Hetgeen ik u zeg in de duisternis, zegt het in het licht; en hetgeen gij hoort, in het oor, predikt dat op de daken. Matt. 9:27
Tot zegen te zijn voor anderen is de grote begeerte van onze ziel, als wij discipelen zijn van Jezus.
Wij geloven, dat deze begeerte gewis vervuld zal worden, indien wij het evangelie bekend maken.

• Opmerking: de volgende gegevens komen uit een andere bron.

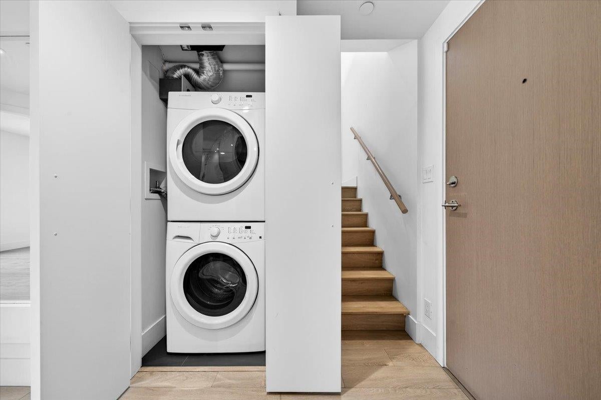 Welcome to this stunning 2 bed + den, 2 bath two-level home at Compass in Seylynn Village. Offering 1,130 sq.ft. of modern living, the open-concept main floor features a sleek kitchen with quartz counters, stainless steel appliances, and a large island flowing into bright living and dining areas. Step out to a spacious 210 sq.ft. terrace perfect for entertaining. Downstairs offers two bedrooms, including a generous primary, plus a versatile den ideal for a home office. Enjoy in-suite laundry, contemporary finishes, and access to the Denna Club with pool, gym, sauna, and more. Steps to parks, trails, and easy highway access. Please note that some photos are virtually staged.

Wij hebben een volstrekt, onbepaald geloof in “de dwaasheid van de prediking.”
Wij voelen, dat het nodig is om dat evangelie persoonlijk van de Heere zelf te ontvangen, want anders zullen wij het niet kennen op zo’n wijze, dat wij het goed gebruiken.
Wij moeten ons niet tot de wedloop begeven, eer wij ertoe bereid zijn. Dit vers beschrijft, en bevat tevens als gevolgtrekking, de belofte van de noodzakelijke toebereiding van het hart. Onze Heere zal spreken in ons oor, zal ons toefluisteren, zal in de eenzaamheid gemeenschap met ons oefenen.
I. Een onschatbaar voorrecht. De discipel is in innige verbintenis met zijn Heere, wordt toegelaten tot de innigste gemeenschapsoefening met Hem.
Wij hebben hier drie gewichtige zaken.
1. Het wordt ons gegund de persoonlijke tegenwoordigheid van onze Heer bij ons te realiseren. Nog spreekt Hij met ons; nog is Hij onze Metgezel in de nacht, onze Vriend in de eenzaamheid.
2. Wij worden in staat gesteld te voelen, dat zijn woord tot ons persoonlijk is gesproken. Onmiddellijk: “Ik zeg u.” Persoonlijke omgang. Krachtig: “in het oor.” Niet donderend als van Sinaï, maar als toegefluisterd door: “het suizen van een zachte stilte,” maar toch vol van kracht en grote uitwerking.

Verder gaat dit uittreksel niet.